Design of HDFS data block multi-copy storage

Source: Internet
Author: User
Keywords DFS can save multiple dot on

Hadoop can be so widely used, and the hdfs behind it silently is inseparable. As a file system that can run on hundreds of nodes, HDFs has taken a very careful look at reliability design.

Design of 3.2.1 HDFS data block multi-copy storage

As a distributed file system, HDFs uses the means to hold multiple replicas in the system (multiple replicas below), and multiple copies of the same block of data are stored on different nodes, as shown in Figure 3-2. The use of this multiple-copy method has the following advantages: 1 The use of multiple copies, allowing customers to read data from different blocks, speed up the transmission speed; 2 because the HDFs of the datanode between the network transmission data, if the use of multiple copies can determine whether the data transmission error; 3 Multiple replicas can guarantee that a datanode is invalidated without losing data.

HDFs randomly select storage nodes according to block, in order to determine whether the file error, the number of replicas defaults to 3 (note: If the number of pairs of 1 or 2, it is not able to determine the data right and wrong). Due to the cost of data transmission and error recovery, the preservation of replicas is not evenly distributed among the clusters, with respect to the distribution and maintenance of datanodehttp://www.aliyun.com/zixun/aggregation/13996.html. "> Load balancing of the more detailed content, you can refer to the following 3.4.4 section on the introduction of balancer."

Related Article

Contact Us

The content source of this page is from Internet, which doesn't represent Alibaba Cloud's opinion; products and services mentioned on that page don't have any relationship with Alibaba Cloud. If the content of the page makes you feel confusing, please write us an email, we will handle the problem within 5 days after receiving your email.
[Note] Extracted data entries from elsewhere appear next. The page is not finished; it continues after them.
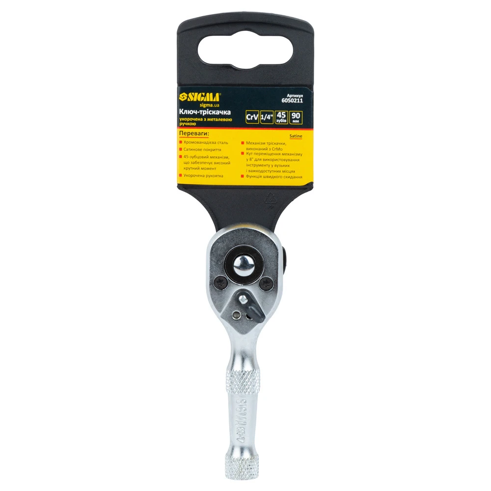 Ключ-тріскачка укорочена з металевою ручкою 1/4" 90мм 45T CrV SIGMA (6050211) - це необхідний інструмент при виконанні робіт з різьбовими з'єднаннями, який повинен бути в арсеналі кожного автослюсаря і майстри. Даний інструмент дозволяє виконувати монтаж / демонтаж різьбових з'єднань за допомогою біт з адаптерами або за допомогою торцевих головок.
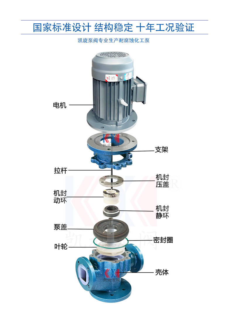 GF型氟塑料合金管道泵采用立式結(jié)構(gòu),進(jìn)出口口徑相同,側(cè)進(jìn)側(cè)出,且位于同一中心線上,對(duì)于安裝場(chǎng)地的面積需求較小。葉輪與電機(jī)直聯(lián),能有效的平衡泵運(yùn)轉(zhuǎn)產(chǎn)生的徑向和軸向負(fù)荷,密封可配備外裝式單端面機(jī)械密封、集裝式雙端面機(jī)械密封,機(jī)封可采用碳化硅、四氟、石墨、氧化鋁、硬質(zhì)合金等材料制造。產(chǎn)品高效節(jié)能,結(jié)構(gòu)簡(jiǎn)單,易維護(hù),在檢修時(shí)無需拆卸管道。
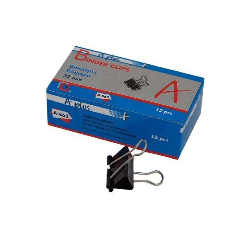 Биндер "A PLUS", метал., 32мм, черний, цена за уп. 12шт, 10*6*4см
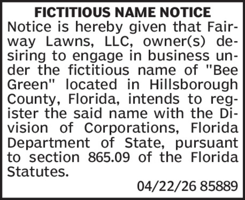 NOTICE UNDER FICTITIOUS NAME LAW PURSUANT TO SECTION 865.09, FLORIDA STATUTES NOTICE IS HEREBY GIVEN that the undersigned, desiring to engage in business under the Fictitious Name of DRS Laurel Tec... Show more »
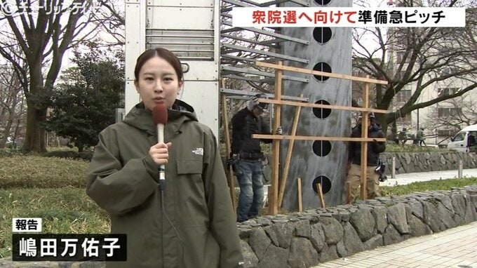嶋田記者:「来月にも行われる衆議院選挙に向けて、富山市役所前では慌ただしく準備が始まっています」
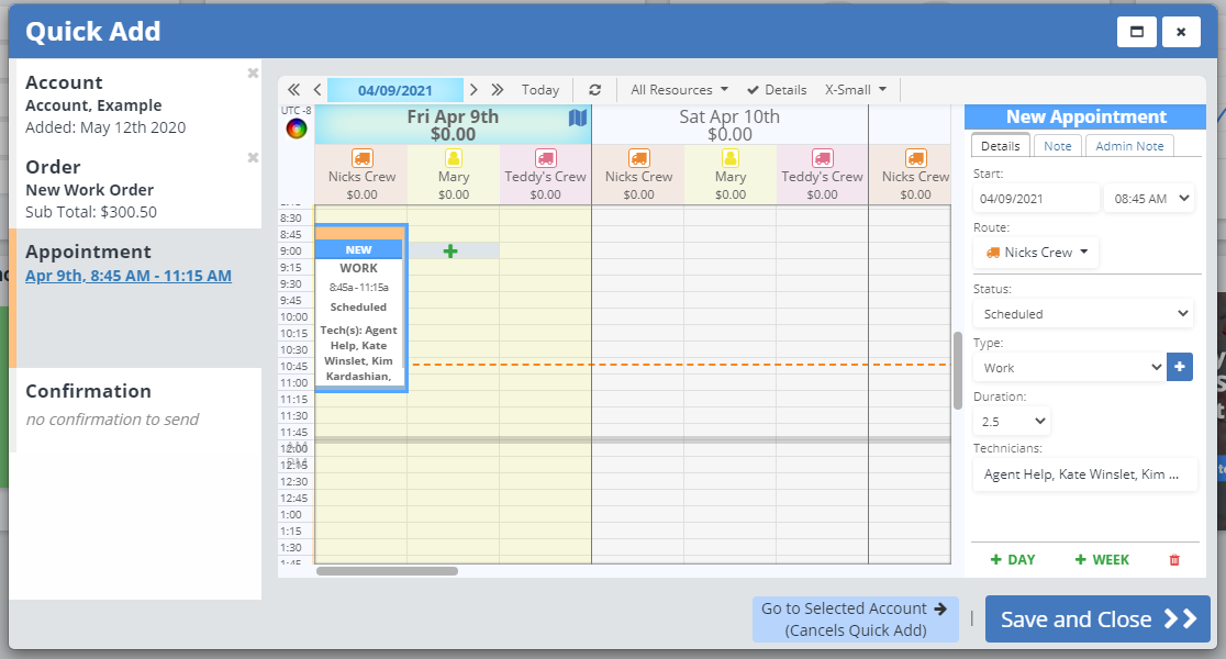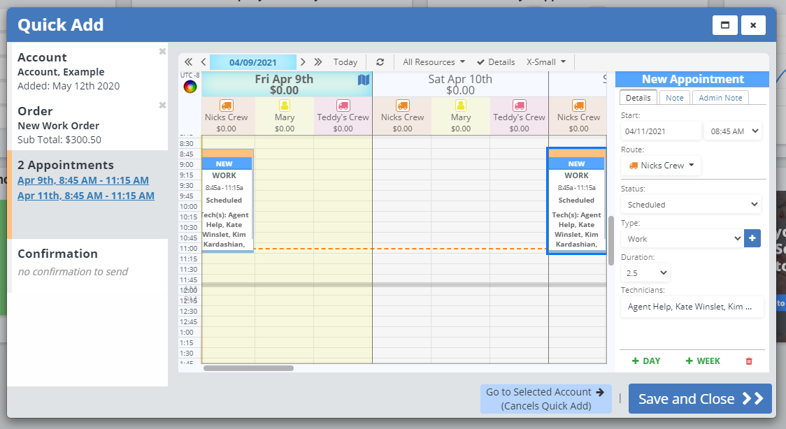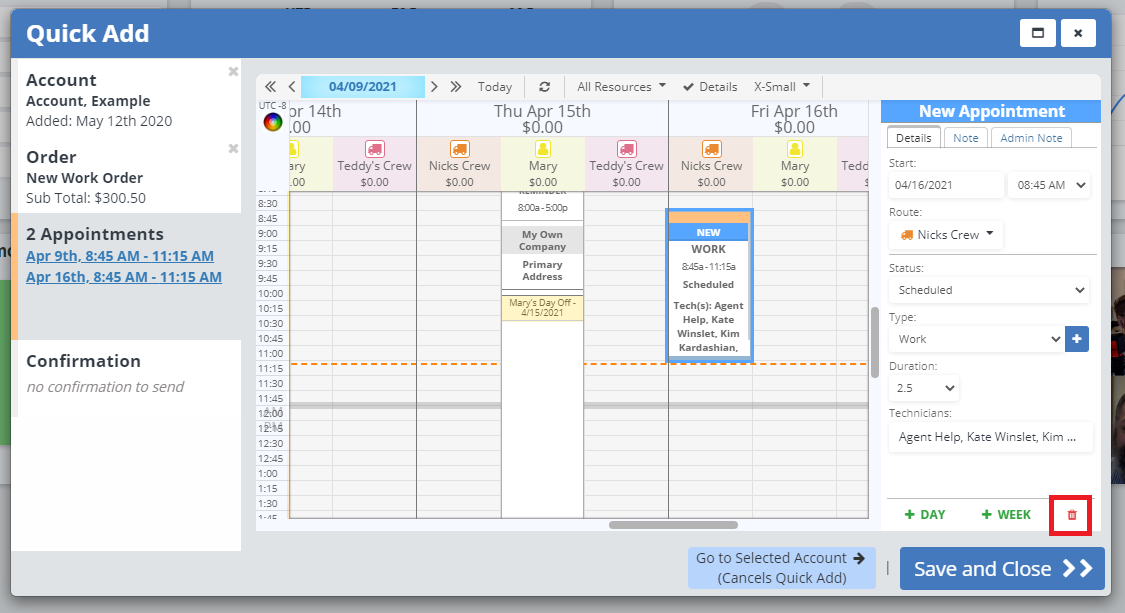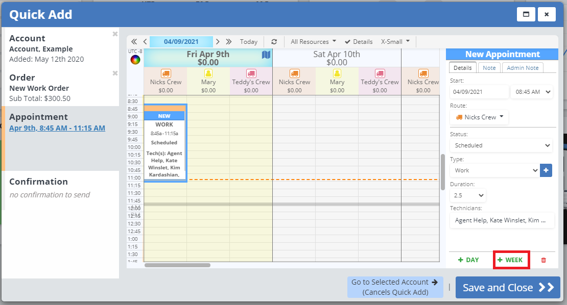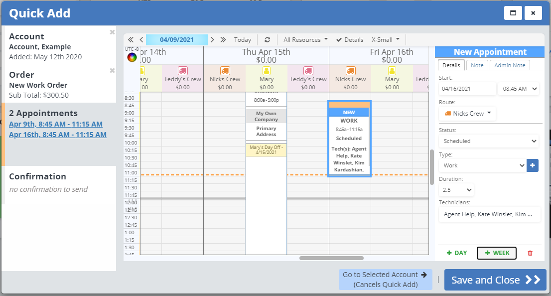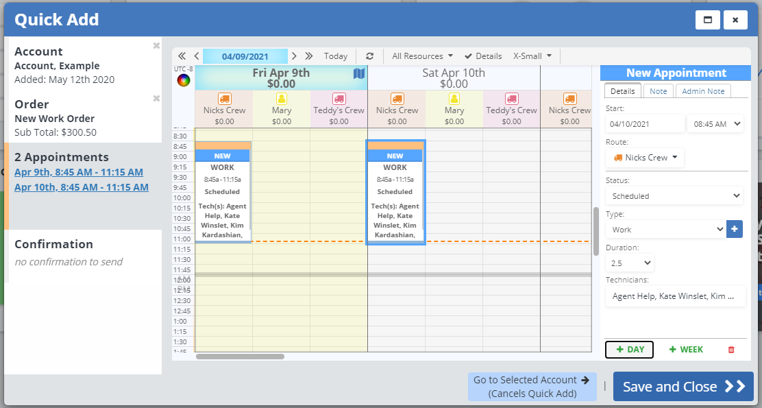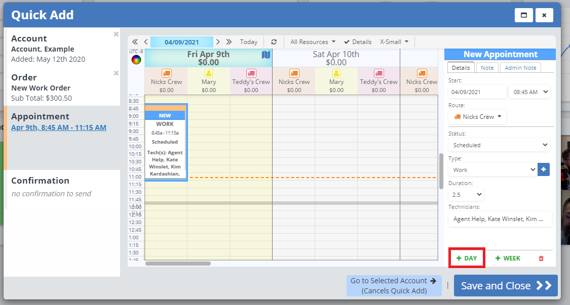 This will add an appointment the next day at the same time and on the same route as the last. You can edit the appointment as needed, or use the "+ Day" button as many times as needed.
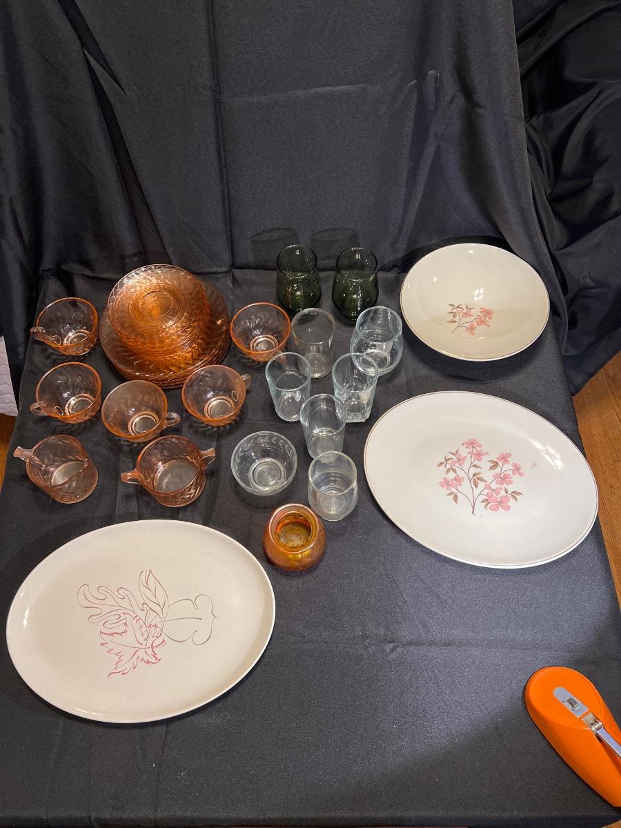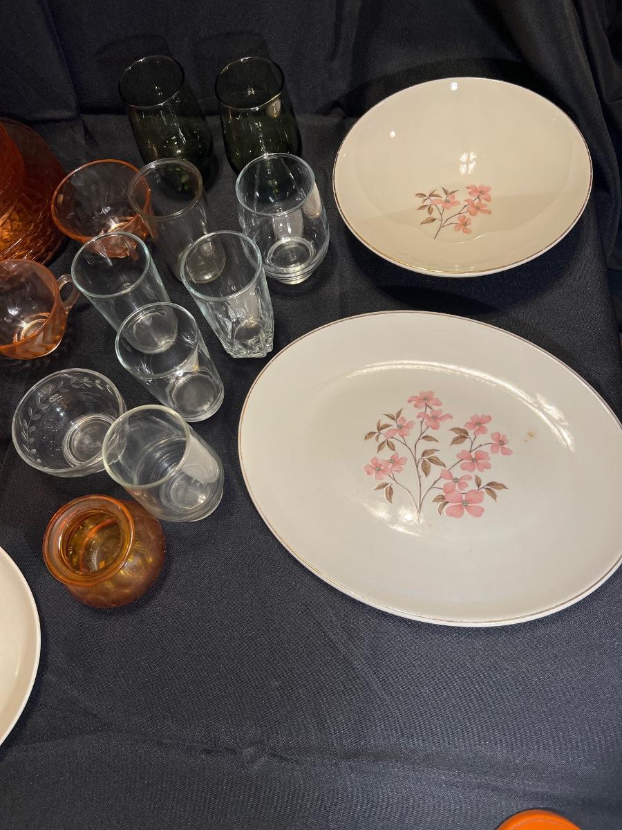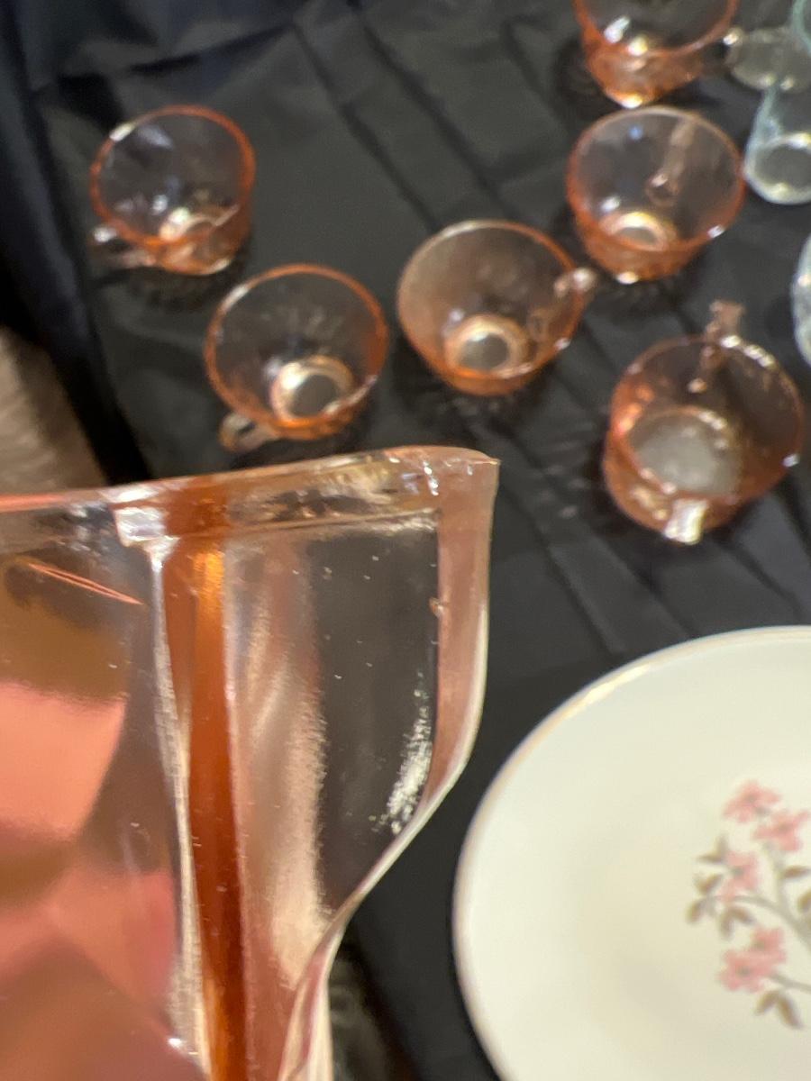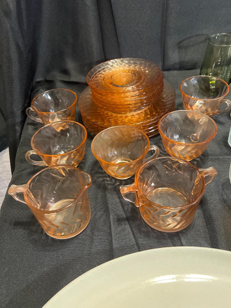 5 of the 8” pink plates, 6 of the 6” plates, 5 of the tea cups and a sugar and creamer. Small chip on creamer handle (see pic)
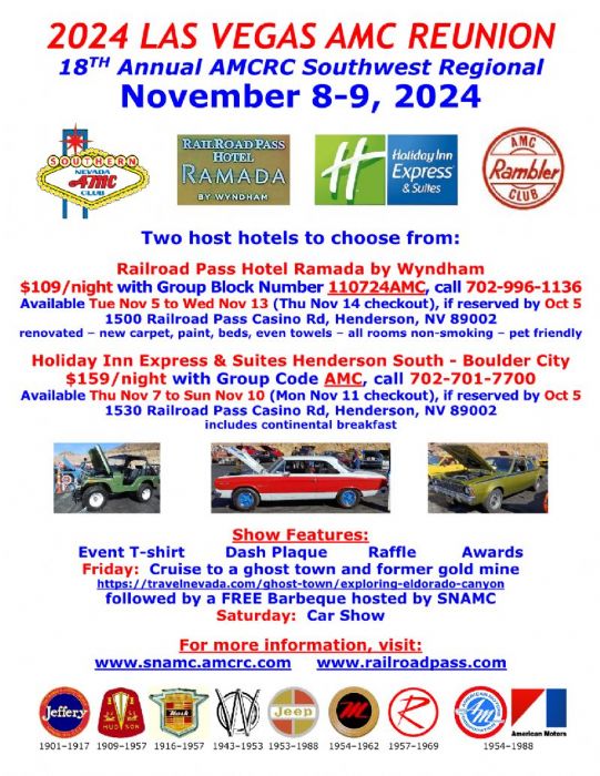 The 2024 Las Vegas AMC Reunion is on.   The show is going to be held on November 8-9 at Railroad Pass Hotel & Casino (www.railroadpass.com) and Holiday Inn Express & Suites. We will have rooms blocked both at Railroad Pass and Holiday Inn Express & Suites.  Railroad Pass Hotel is now a Ramada by Wyndham and features completely renovated all non smoking rooms with new carpets, new beds and new towels.  Holiday Inn Express (https://www.ihg.com/holidayinnexpress/hotels/us/en/henderson/lashd/hoteldetail) is less than two years old and very nice.  The Bullet Train Restaurant (http://www.bullettrainlv.com) is open and has gotten great reviews.
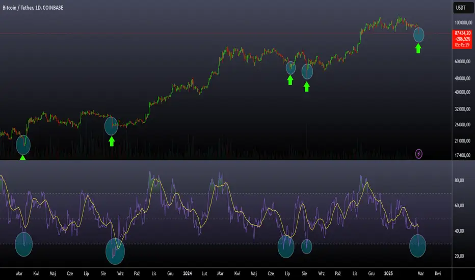 Powyższy wykres podkreśla akcję cenową Bitcoina wraz z Relative Strength Index (RSI) w dziennym przedziale czasowym. Historycznie, za każdym razem, gdy RSI spadał poniżej 30, wskazując na warunki wyprzedaży, Bitcoin doświadczał odbicia cenowego wkrótce potem. Wykres oznacza te momenty niebieskimi kółkami i zielonymi strzałkami, pokazując wyraźne odwrócenia w górę po każdym spadku. Obecnie Bitcoin RSI ponownie spadł poniżej 30, a cena wynosi około 87 000 USD po gwałtownym spadku o 10%. Jeśli poprzednie wzorce się sprawdzą, może to oznaczać nadchodzącą byczą zmianę.
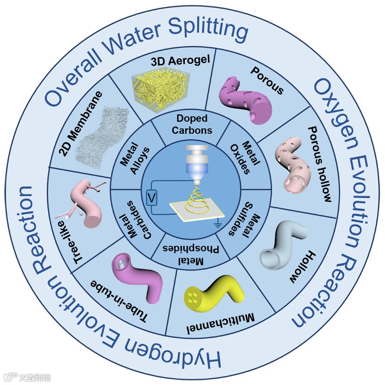 导读:该综述文章分别从析氢反应(HER)、析氧反应(OER)及全水解三个方面,系统、全面地总结了静电纺纳米纤维电催化剂在组成调控、结构设计等方面的最新研究进展
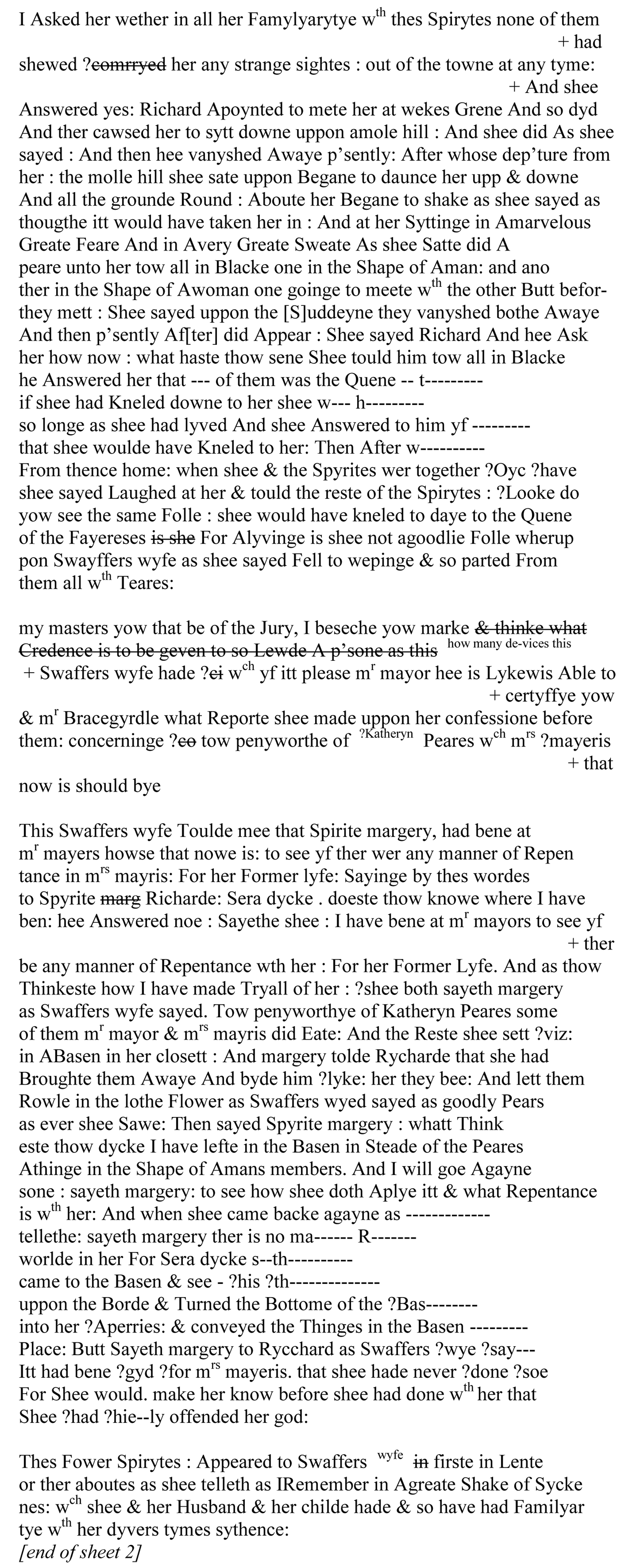 And when she came back again as ------ telleth, sayeth Margery, there is no ma---- r---- world in her, for, Sirrah Dick, s—th------ came to the basin and see - ?his ?th------ upon the board, and turned the bottom of the ?bas------ into her ?aperries and conveyed the things in the basin ------ place. But sayeth Margery to Richard, as Swaffer’s [wife sayeth], it had been good for Mistress Mayoress that she had never ?done ?so. For she would make her know, before she had done with her, that she had [highly] offended her God.
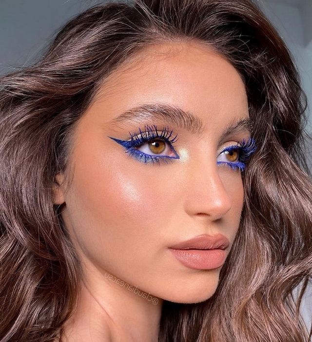 Нюдовые губы и синяя подводка для глаз
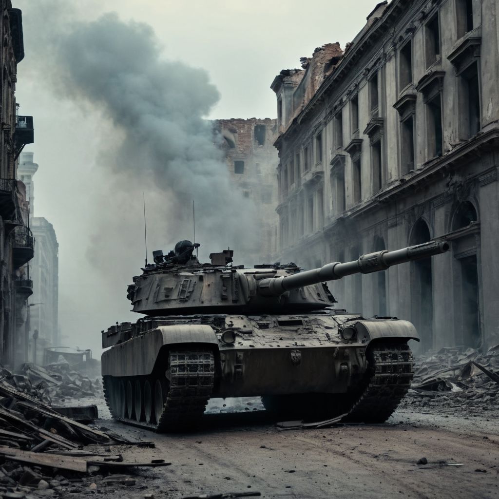A war tank moving through a destroyed city, ultra detailed, smoky environment, cloudy day, desolation, destroyed buildings, epic, masterpiece, cinematic lighting, intrincate details, best quality, 8k
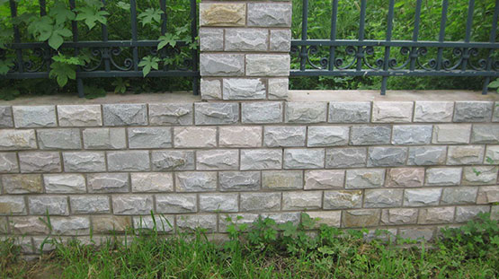 5、粘貼蘑菇石:應(yīng)由下而上進行鑲貼,粘結(jié)厚度宜為4~8mm。在粘結(jié)層初凝前或允許的時間內(nèi),可調(diào)整面磚的位置和接縫寬度,使之附線并敲實;在初凝后或超過允許的時間后,嚴禁振動或移動面磚。陽角處,以保證陽角相交成90度,陰角采用大包小做法。
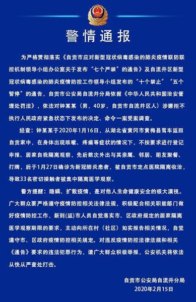 四川在线消息(刘亿 记者 秦勇)2月15日,记者从自贡市公安局自流井分局获悉,日前,该局依据《中华人民共和国治安管理处罚法》,依法对钟某某(男,40岁,自贡市自流井区人)涉嫌拒不执行人民政府紧急状态下发布的决定、命令一案受案调查。

If you find any instances of plagiarism from the community, please send an email to: info-contact@alibabacloud.com and provide relevant evidence. A staff member will contact you within 5 working days.

A Free Trial That Lets You Build Big!

Start building with 50+ products and up to 12 months usage for Elastic Compute Service

  • Sales Support

    1 on 1 presale consultation

  • After-Sales Support

    24/7 Technical Support 6 Free Tickets per Quarter Faster Response

  • Alibaba Cloud offers highly flexible support services tailored to meet your exact needs.